Il n’y a pas grande chose à faire dans une cour de prison, si ce n’est de fixer le ciel pour tenter de suivre un nuage. Aucune poésie dans l’exercice, quand au fil des jours, des semaines, des mois, des années, par cette étrange fatalité de la fonction qui fait l’organe, les yeux doivent eux aussi chercher à s évader pour continuer à être capable d’atteindre l’horizon. Etrange univers carcéral où bien plus qu’à l’extérieur, la philosophie, le savoir, sont richesses, quant au contraire : le commerce, le travail, ne peuvent enrichir.

Cour des condamnés, corridor ouest, aucun bruit ne filtre et la lumière semble rétrécie. Appuyé au mur du mirador ouest, le maître des livres observe l’ancien et l’ancien regarde le ciel. Promenade de l’après midi et pas de nuages aujourd’hui. Pourtant l’ancien sourit, le regard dans le vide et la tête dans des nuages qui n’existent pas.

Le maître des livres se déplace en souplesse, plus furtif que l’ombre qui oscille dans la diagonale des quatre murs. Tandis qu’il s’accroupit en tailleur, il se demande si l’ancien a senti sa présence soudaine, puis il plisse les yeux en regardant le ciel à son tour.
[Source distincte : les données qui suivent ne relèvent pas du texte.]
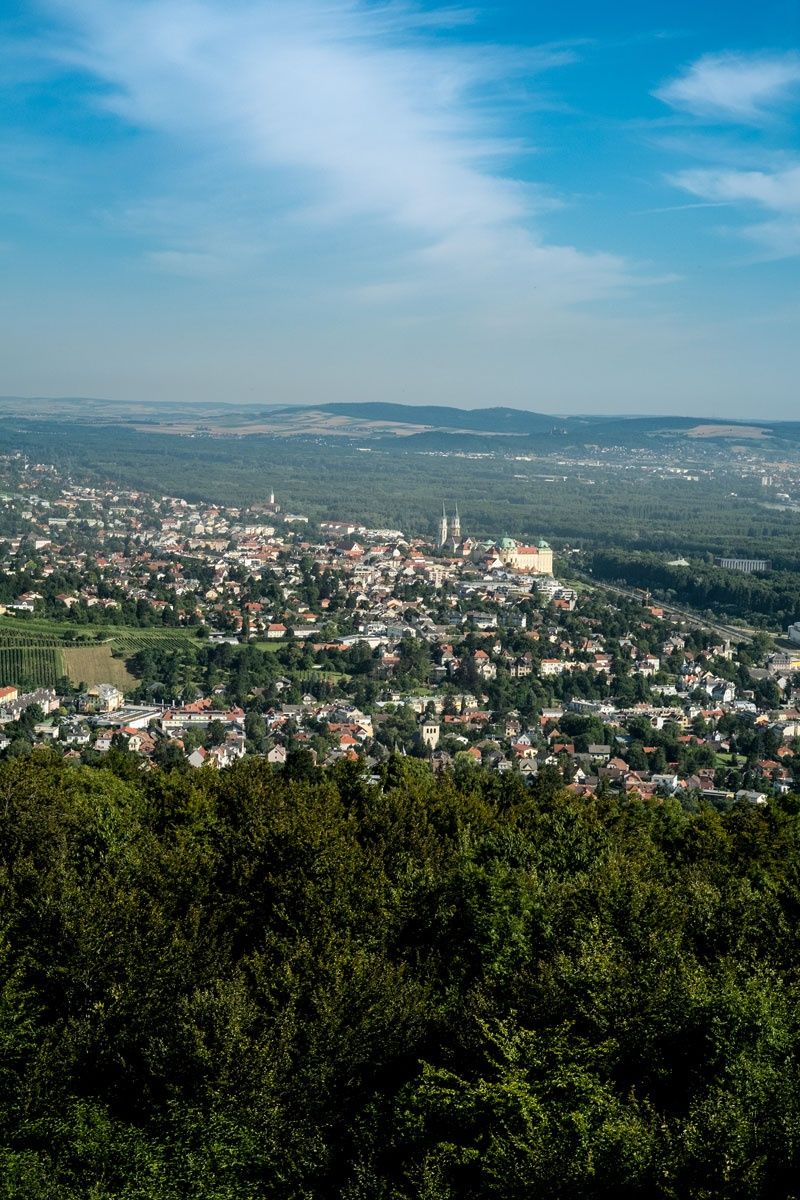 Nach 1,1 km haben wir einen wunderbaren Blick auf das Chorherrenstift Klosterneuburg.

L’ancien sent toutes les vibrations de l’air, même celles de l’intérieur.

Ni les lèvres ni le moindre pli du visage n’ont bougés tandis qu’une voie douce et flûtée a dit :
-Je t’ai amené trois livres, un d’Emma Goldman, et deux avec des couvertures noires, ceux que tu aimes bien.
Seul une imperceptible vibration en forme d’approbation trouble un air trop tiède pour être honnête. Sur la poitrine de l’ancien, quelques grammes d’or dessinent une île.
-Doumé ! Dis moi ton secret ? Qu’est ce qu’il y a dans ce putain de ciel ?
L’ancien a tourné la tête, regardant avec tendresse les doigts posés sur son épaule. D’immenses yeux bleus dans lesquels on pourrait lire toute l’intelligence du monde, et toutes les tempêtes et les naufrages de l’histoire.
-Le secret, quel secret ! Le secret, c’est la vie ! Ce n’est point tant la prison qui enlève tout, mais la vieillesse. Je ne bande plus, donc je ne peux plus baiser. Mes organes sont usés, donc le péché de gourmandise me suiciderait plus vite que ces maudits murs. Je fais bien un peu de sport encore, mais du Yoga pour moins souffrir du dos en me levant le matin. Je suis sans doute devenu un peu sourd, mais ce n’est pas vraiment gênant dans la mesure où je ne parle guère avec personne. Les jeunes ont des illusions que je n’ai plus.
-Pourquoi regardes–tu le ciel alors ?
-Pour ne pas perdre ce qui me reste de vue. Ici, la vision se rétrécit à l’image des murs et peu à peu, l’idée même d’une perspective se perd. Je lis encore un peu, des livres qui me parle de mon époque. Parce qu’un jour petit, c’est tout ce qu’il reste. Plus besoin d’aller au cinéma pour voir des films, je m’assois ici, face à la lumière vraie, et défile dans le bleu ou le gris du ciel, des milliers de films : ceux de ma vie.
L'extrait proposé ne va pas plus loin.